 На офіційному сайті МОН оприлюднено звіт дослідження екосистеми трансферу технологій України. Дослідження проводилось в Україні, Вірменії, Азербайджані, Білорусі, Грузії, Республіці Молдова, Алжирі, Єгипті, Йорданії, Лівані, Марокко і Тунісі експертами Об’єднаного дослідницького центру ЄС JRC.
==
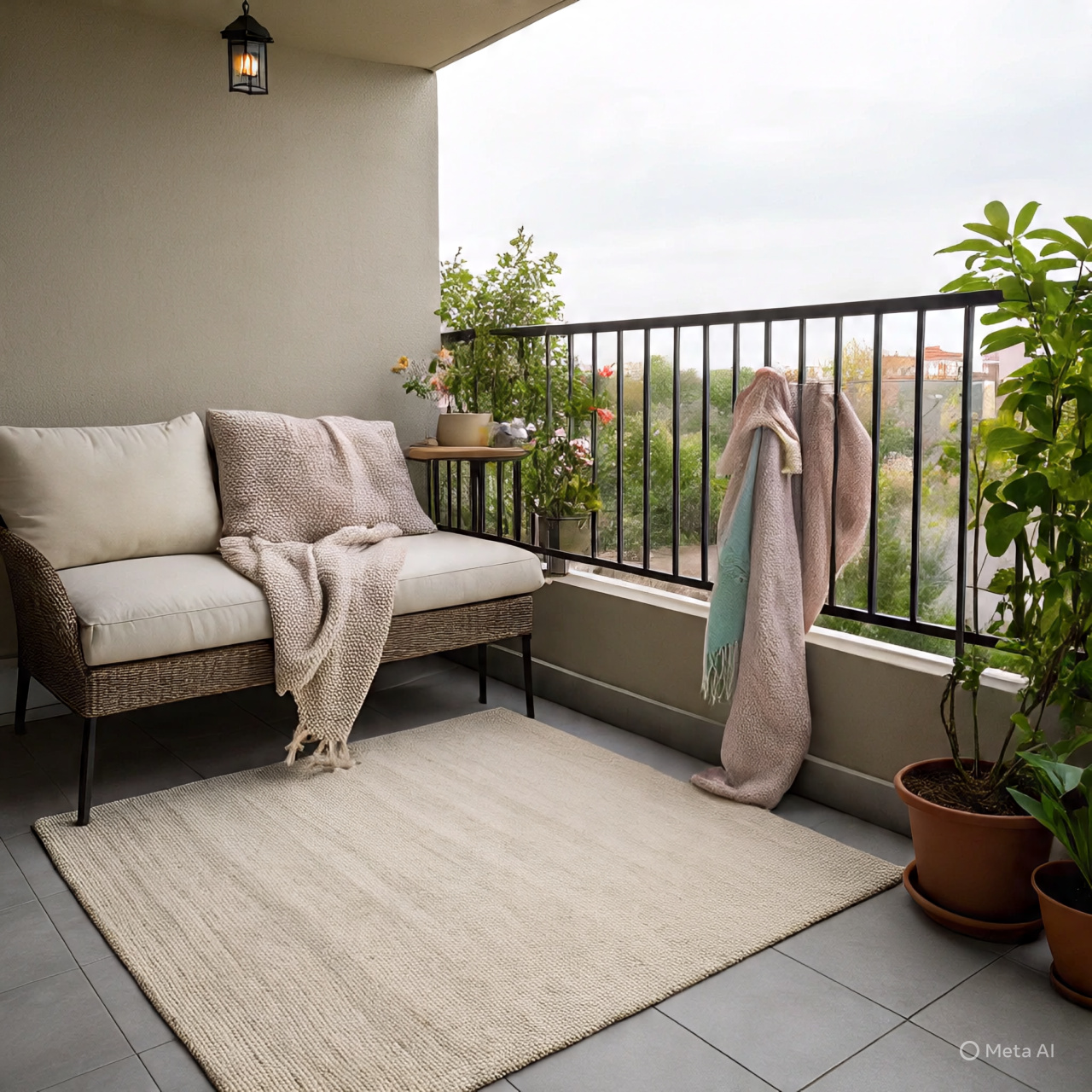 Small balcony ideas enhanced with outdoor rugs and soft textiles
---
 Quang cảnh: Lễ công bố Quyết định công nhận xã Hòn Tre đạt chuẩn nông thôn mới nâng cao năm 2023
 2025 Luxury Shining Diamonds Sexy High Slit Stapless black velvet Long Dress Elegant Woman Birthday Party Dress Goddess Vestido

TASK DIRECTIONS
For this exercise, repeat exactly the lines of the data above from the one with "Quang cảnh: Lễ" down to the one with "2025 Luxury Shining", both end lines included.

EXERCISE ANSWER
 Quang cảnh: Lễ công bố Quyết định công nhận xã Hòn Tre đạt chuẩn nông thôn mới nâng cao năm 2023
 2025 Luxury Shining Diamonds Sexy High Slit Stapless black velvet Long Dress Elegant Woman Birthday Party Dress Goddess Vestido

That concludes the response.